Al primer mandatario, no le convence el movimiento, y lo descalifica por considerar que en la iniciativa feminista hay mano negra. Que atrás están la derecha, los partidos políticos, los conservadores. Sus opositores en general. Lo cierto es que la gravedad de la inseguridad no se puede ocultar. La violencia se ha salido de control y está ya en riesgo la estabilidad social, si no se toman medidas urgentes. Esto va más allá de cualquier ideología, de las diferencias políticas, de derechas o de izquierdas; porque la violencia impacta a todos los estratos sociales, a la población urbana y a la rural y tampoco respeta edades ni grados académicos. Todos estamos expuestos.

Llaman la atención las lecturas que han hecho de esta movilización, algunos personajes de la 4T, como la secretaria de la Función Pública, Eréndira Sandoval, que ve en esto una “estrategia de golpe blando promovida por los peores intereses” o la de la vicepresidente de la Cámara de Diputados, Dolores Padierna, quien de plano no se midió en su afán de quedar bien con su jefe, al acusar a la derecha de “dividir al movimiento de mujeres y feminista, pues les interesa más golpear al presidente López Obrador, que unir fuerzas por los derechos de las mujeres,” afirmó.

Algunas funcionarias, sin embargo, han optado por la discreción, ante el riesgo de contradecir a su jefe, pero otras, sí han expresado abiertamente su apoyo al paro de la consigna “el 9 ninguna se mueve”, como la secretaria de Gobernación, Olga Sánchez Cordero, quien no tuvo empacho en reconocer que las políticas públicas “no han tenido articulación, en muchas ocasiones, ni la eficacia necesaria para enfrentar el grave problema.”
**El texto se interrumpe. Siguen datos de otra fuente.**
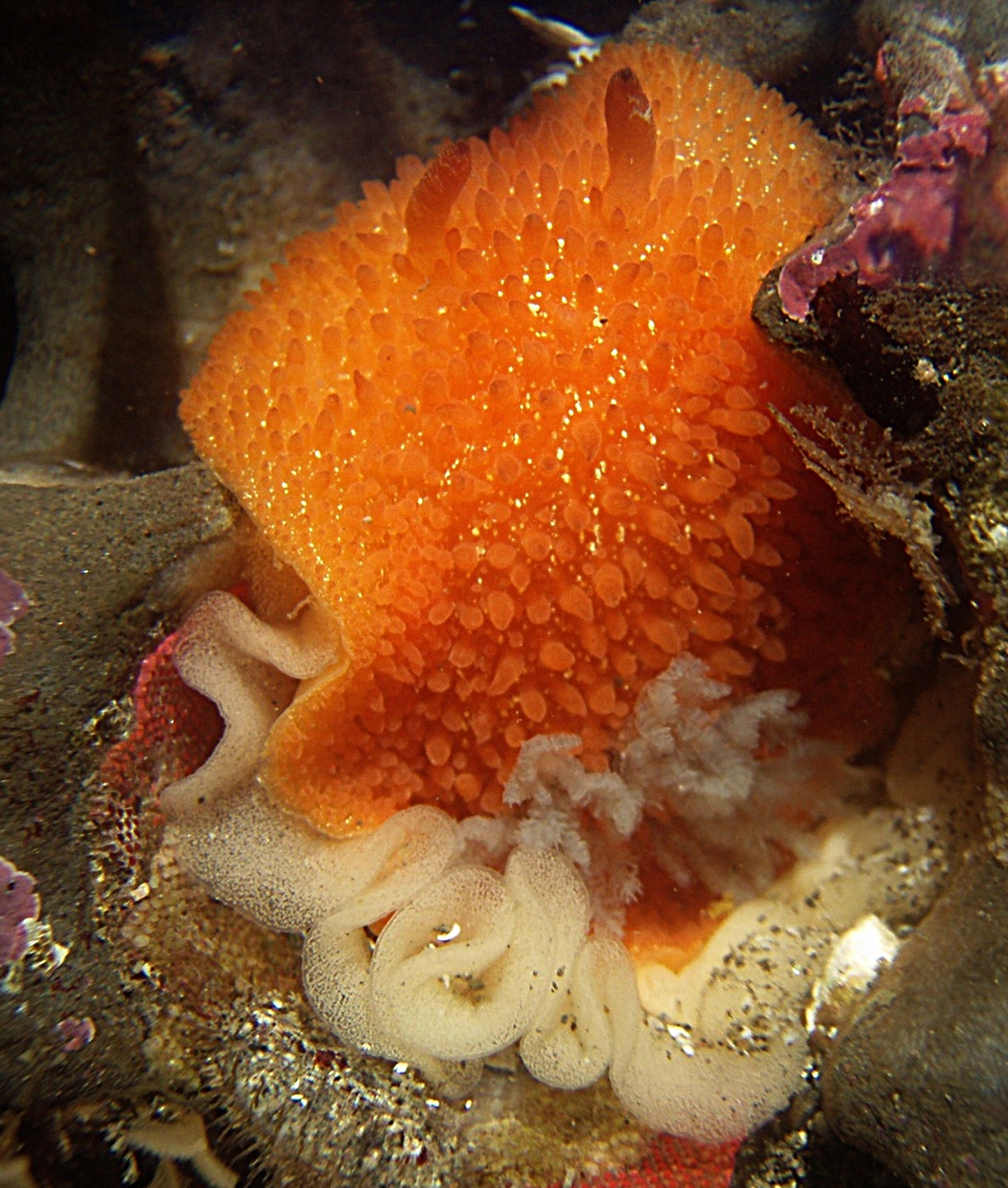 Nudibranch Acanthodoris lutea at California tide pools is laying eggs.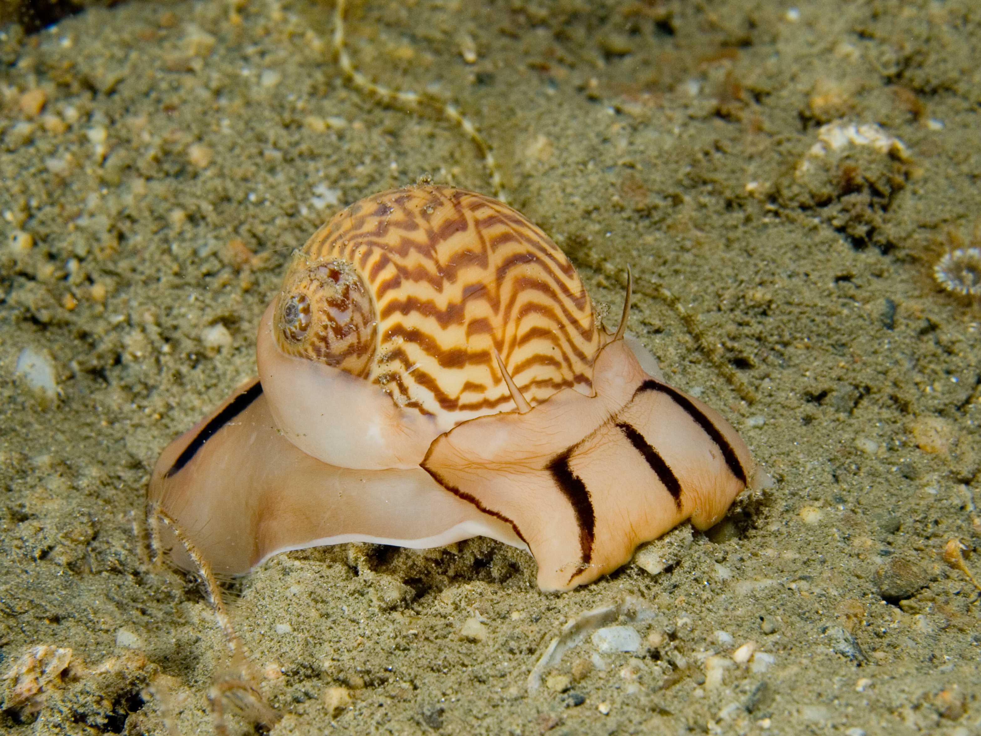 A nocturnal Tanea undulata Moon Snail from East Timor. This snail prefers to bury itself in the sand during the day.

Y es que, por la nobleza de la causa, conforme se acerca la fecha del paro, crece el número de personas, organismos, agrupaciones e instituciones que se han sumado. La percepción es que este paro puede convertirse en la mayor manifestación social que recordemos, por lo que la autoridad debe hacer a un lado su sospechosismo, no ver moros con tranchete, ser sensible y no dejar de escuchar las demandas del “otro” pueblo bueno y sabio.